Induced subgraphs and tree decompositions XII. Grid theorem for pinched graphs
Bogdan Alecu, Maria Chudnovsky, Sepehr Hajebi, Sophie Spirkl
TL;DR
The paper proves a grid-type theorem for induced subgraphs in the class of c-pinched graphs, identifying the exact obstructions that force large treewidth: large complete graphs, large complete bipartite graphs, subdivisions of walls, line graphs of subdivisions of walls, and expansions of Pohoata-Davies constructions. It develops a framework of constellations, alignments, and arrays to translate high local connectivity into a PD_s–style induced obstruction, and shows how to convert a strong block into a plain constellation and then into an array. The main result extends to (c,h)-pinched graphs, giving a complete obstruction description for large treewidth in this broader setting, and it connects to prior grid-type results by generalizing non basic obstructions beyond the basic four.
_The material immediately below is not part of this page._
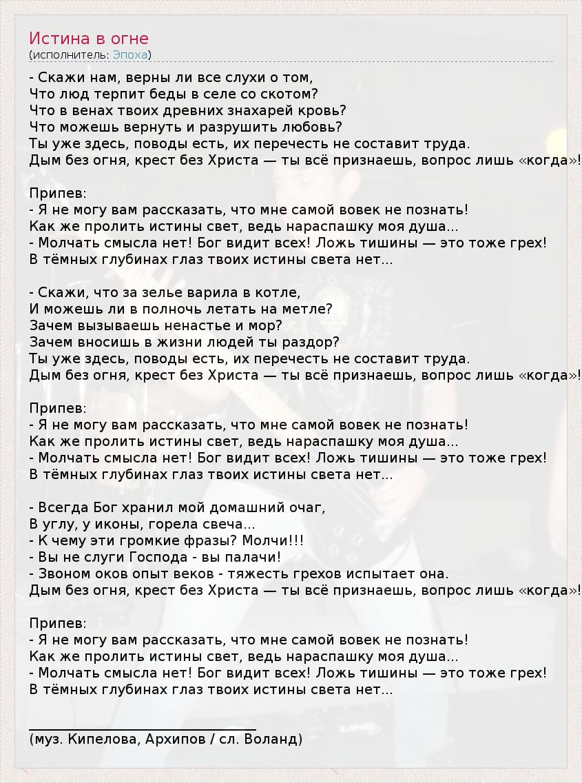 - Скажи нам, верны ли все слухи о том, Что люд терпит беды в селе со скотом? Что в венах твоих древних знахарей кровь? Что можешь вернуть и разрушить любовь? Ты уже здесь, поводы есть, их перечесть не составит труда. Дым без огня, крест без Христа — ты всё признаешь, вопрос лишь «когда»! Припев: - Я не могу вам рассказать, что мне самой вовек не познать! Как же пролить истины свет, ведь нараспашку моя душа... - Молчать смысла нет! Бог видит всех! Ложь тишины — это тоже грех! В тёмных глубинах глаз твоих истины света нет... - Скажи, что за зелье варила в котле, И можешь ли в полночь летать на метле? Зачем вызываешь ненастье и мор? Зачем вносишь в жизни людей ты раздор? Ты уже здесь, поводы есть, их перечесть не составит труда. Дым без огня, крест без Христа — ты всё признаешь, вопрос лишь «когда»! Припев: - Я не могу вам рассказать, что мне самой вовек не познать! Как же пролить истины свет, ведь нараспашку моя душа... - Молчать смысла нет! Бог видит всех! Ложь тишины — это тоже грех! В тёмных глубинах глаз твоих истины света нет... - Всегда Бог хранил мой домашний очаг, В углу, у иконы, горела свеча... - К чему эти громкие фразы? Молчи!!! - Вы не слуги Господа - вы палачи! - Звоном оков опыт веков - тяжесть грехов испытает она. Дым без огня, крест без Христа — ты всё признаешь, вопрос лишь «когда»! Припев: - Я не могу вам рассказать, что мне самой вовек не познать! Как же пролить истины свет, ведь нараспашку моя душа... - Молчать смысла нет! Бог видит всех! Ложь тишины — это тоже грех! В тёмных глубинах глаз твоих истины света нет... _________________________________ (муз. Кипелова, Архипов / сл. Воланд)

The techniques combine Ramsey theory, patch and bundle arguments, and a two-step approach that first extracts an approximate obstruction (a constellation) and then refines it into an exact induced subgraph obstruction.
Abstract
Given an integer $c\in \mathbb{N}$, we say a graph $G$ is $c$-pinched if $G$ does not contain an induced subgraph consisting of $c$ cycles, all going through a single common vertex and otherwise pairwise disjoint and with no edges between them. What can be said about the structure of $c$-pinched graphs? For instance, $1$-pinched graphs are exactly graphs of treewidth $1$. However, bounded treewidth for $c>1$ is immediately seen to be a false hope because complete graphs, complete bipartite graphs, subdivided walls and line graphs of subdivided walls are all examples of $2$-pinched graphs with arbitrarily large treewidth. There is even a fifth obstruction for larger values of $c$, discovered by Pohoata and later independently by Davies, consisting of $3$-pinched graphs with unbounded treewidth and no large induced subgraph isomorphic to any of the first four obstructions. We fuse the above five examples into a grid-type theorem fully describing the unavoidable induced subgraphs of pinched graphs with large treewidth. More precisely, we prove that for every integer $c\in \mathbb{N}$, a $c$-pinched graph $G$ has large treewidth if and only if $G$ contains one of the following as an induced subgraph: a large complete graph, a large complete bipartite graph, a subdivision of a large wall, the line-graph of a subdivision of a large wall, or a large graph from the Pohoata-Davies construction. Our main result also generalizes to an extension of pinched graphs where the lengths of excluded cycles are lower-bounded.